All posts Analytics

Null and Alternative Hypothesis Walk Into a Tea Stall

Vijay started serving fresh ginger biscuits this month. His daily mean rose from 87 to 91. Real effect or noise? Two strangers explain why every test is a courtroom — and which side is presumed innocent.

Vijayakumar P Vijayakumar P 11 min read
Stylised illustration of a tea stall — Vijay stands centre behind his counter looking up at a wooden two-armed signpost mounted on the back wall. The left arm is grey, points left and reads `H₀ : NO CHANGE`. The right arm is warm orange, points right and reads `H₁ : SOMETHING CHANGED`. On the far left a calm man in plain grey holds up a small clipboard with `STATUS QUO` written across the top. On the far right a curly-haired man in warm orange holds up a magnifying glass.

It’s the last day of the month. The stall is quiet between rounds. Vijay has two notebooks on the counter — last month and this month — and a small calculator. Last month’s mean: 87 customers per day. This month’s mean: 91.

Last month he sold tea, biscuits-from-the-tin, and cigarettes. This month, halfway through, he started serving fresh ginger biscuits baked in the back, by his cousin’s wife who started a small bakery. Same tea. Same hours. Same prices. Just the new biscuits.

He stares at the gap. Four customers more, on average. Is that the biscuits doing their work? Or is it just the kind of wobble he sees from one month to the next anyway?

He has read enough now to know he wants a test. He has read about t-tests and p-values and Type I errors. But before he can run anything, he realises he has not figured out the most basic thing: what claim am I testing against what?

He mutters, “Same data, two stories. Which one is the default?”

The awning rustles.

A man walks in first — calm, deliberate, plain grey kurta, slightly stooped. He carries a small clipboard. The clipboard has the words STATUS QUO written across the top in neat capitals. A few horizontal lines below, none of them filled in. He sets the clipboard on the counter, folds his arms, and waits.

A second man comes in behind him — bright orange shirt, curly hair, a small brass-rimmed magnifying glass in his right hand. He is already peering at Vijay’s notebook before he has even said hello. He flips a page. Squints.

The first man speaks first. “I am the Null hypothesis. People write me as H₀. I am the boring default. I am what the world was before you started fiddling with it. My claim is simple: nothing changed. Your new biscuits did nothing. The four-customer gap is sampling noise.”

The second man does not look up from the notebook. “I am the Alternative hypothesis. People write me as H₁ — sometimes Hₐ. I am what you actually want to find evidence for. My claim is: something did change. The biscuits helped. The four-customer gap is real.”

Vijay says, “But I came here to find out whether the biscuits helped. So why is the boring one — the one who says nothing happened — the default?”

They reply, together, “Because that’s the only fair starting point.”

Null speaks first

Null sets his clipboard squarely. He says, “Imagine I am the defendant in a courtroom. The prosecution — that gentleman with the magnifying glass — says I am guilty of having no effect.”

He pauses for effect. “But our system, the one that statistics borrowed from law, says: I am presumed innocent. The data has to prove me guilty. Not me prove myself innocent. I do nothing. I sit. I assume my own truth. The burden is on the prosecution.”

Vijay looks at him. “So the burden is on the biscuits-helped claim. Not on the biscuits-did-nothing claim.”

“Exactly. The data has to be strong enough to convict me. If it isn’t, I walk free. Not because I have proven my innocence — but because the prosecution couldn’t prove their case. There is a deep asymmetry here. You can reject me. You can never prove me. All you can ever do is fail to reject me.”

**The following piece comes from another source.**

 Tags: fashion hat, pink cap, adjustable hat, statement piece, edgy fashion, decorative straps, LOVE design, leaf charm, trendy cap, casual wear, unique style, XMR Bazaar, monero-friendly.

Vijay frowns. “That sounds like a technicality.”

“It is the most important sentence in hypothesis testing. Most people get it wrong, including textbooks. You do not ‘accept the null’. You only ever ‘fail to reject the null’. Like an acquittal — which says not guilty, never innocent.”

Alternative speaks

Alternative finally looks up from the notebook. He flips it shut. He says, “Now me. I am the interesting claim. I am what you want to be true. I am the new biscuits, the redesigned menu, the cousin’s marketing idea, the new variety of leaves. I am whatever the change was.”

He waves the magnifying glass. “But I cannot just walk in and say I am true. The court will throw me out. I have to bring evidence. Specifically: data so unlikely-under-the-null that the null becomes implausible enough to reject.”

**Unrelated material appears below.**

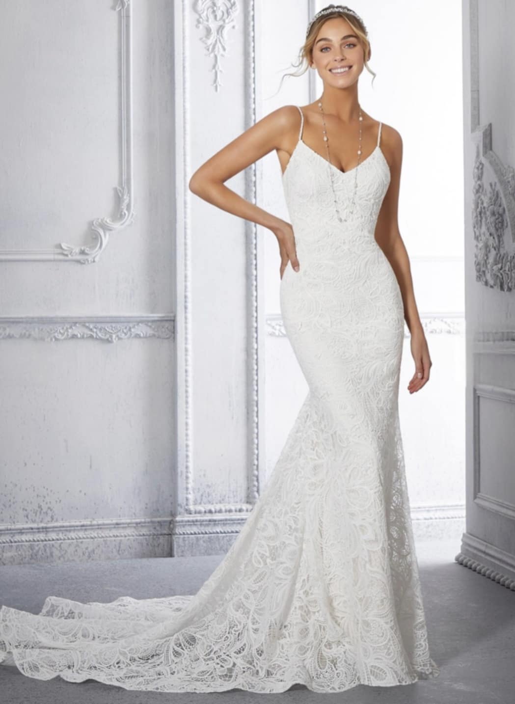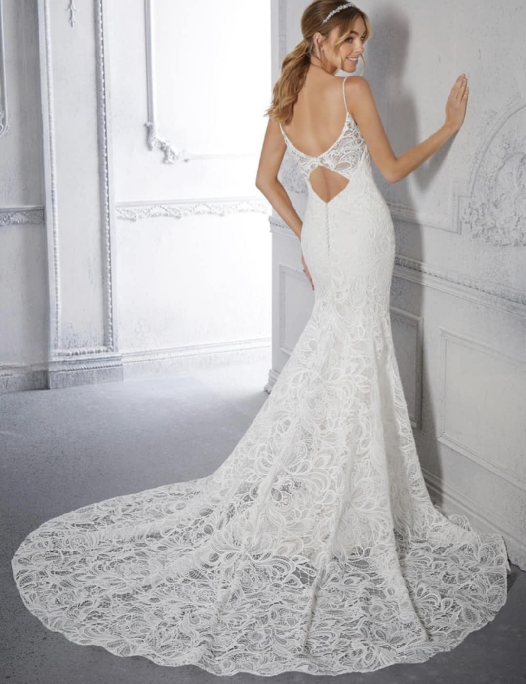 MORILEE WEDDING DRESS.ΥΠΕΡΟΧΟ ΓΟΡΓΟΝΕ ΝΥΦΙΚΟ ΟΛΟ ΔΑΝΤΕΛΑ ΜΕ ΥΠΕΡΟΧΟ ΣΧΕΔΙΟ ΣΤΗΝ ΠΛΑΤΗ ΜΕ ΡΑΝΤΑΚΙ ΚΑΙ ΜΑΚΡΙΑ ΟΥΡΑ.

Vijay says, “So I need to show that a four-customer gap is bigger than what I would expect if my biscuits did nothing. That’s the test.”

“That’s the test. I, the Alternative, am the direction of your effect. There are different flavours of me, depending on what you want to claim:

  • the biscuits helpedH₁: μ > μ₀ — a one-sided alternative, on the higher side
  • the biscuits hurtH₁: μ < μ₀ — a one-sided alternative, on the lower side
  • the biscuits changed something — up or down, I don’t know whichH₁: μ ≠ μ₀ — a two-sided alternative

You pick which one of me you’re claiming. Before you look at the data. Not after.”

Vijay says, “Why before?”

Alternative smiles. “Because if you peek first and then write your alternative to match what you saw, you cheat. The whole machinery breaks. Decide first. Run the test. Live with the answer.”

What just happened

Vijay sits down on his counter. He looks at his two characters. He looks at his two notebooks. He starts to write the framing of his test on the inside cover of the new notebook.

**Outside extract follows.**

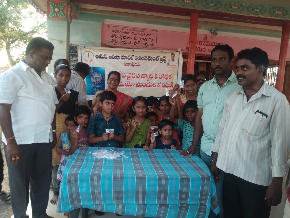 Umar Alisha Rural Development Trust has distributed Coronavirus preventive Homeo medicine for free to 700 people at Kapu Ramalayam, Kakarlamudi Village on 15-March-2020.

H₀: μ = 87. The new biscuits did nothing. This month’s customer flow is the same as last month’s.

H₁: μ > 87. The new biscuits helped. Customers went up.

He shows the page to Null. Null nods approvingly.

He shows it to Alternative. Alternative says, “Good. One-sided, in the direction you actually believe in. Now run your t-test against this null. If p < 0.05, you reject the null. If not, you fail to reject. Either way, you write down the verdict, you don’t lie about it, and you don’t move the goalposts.”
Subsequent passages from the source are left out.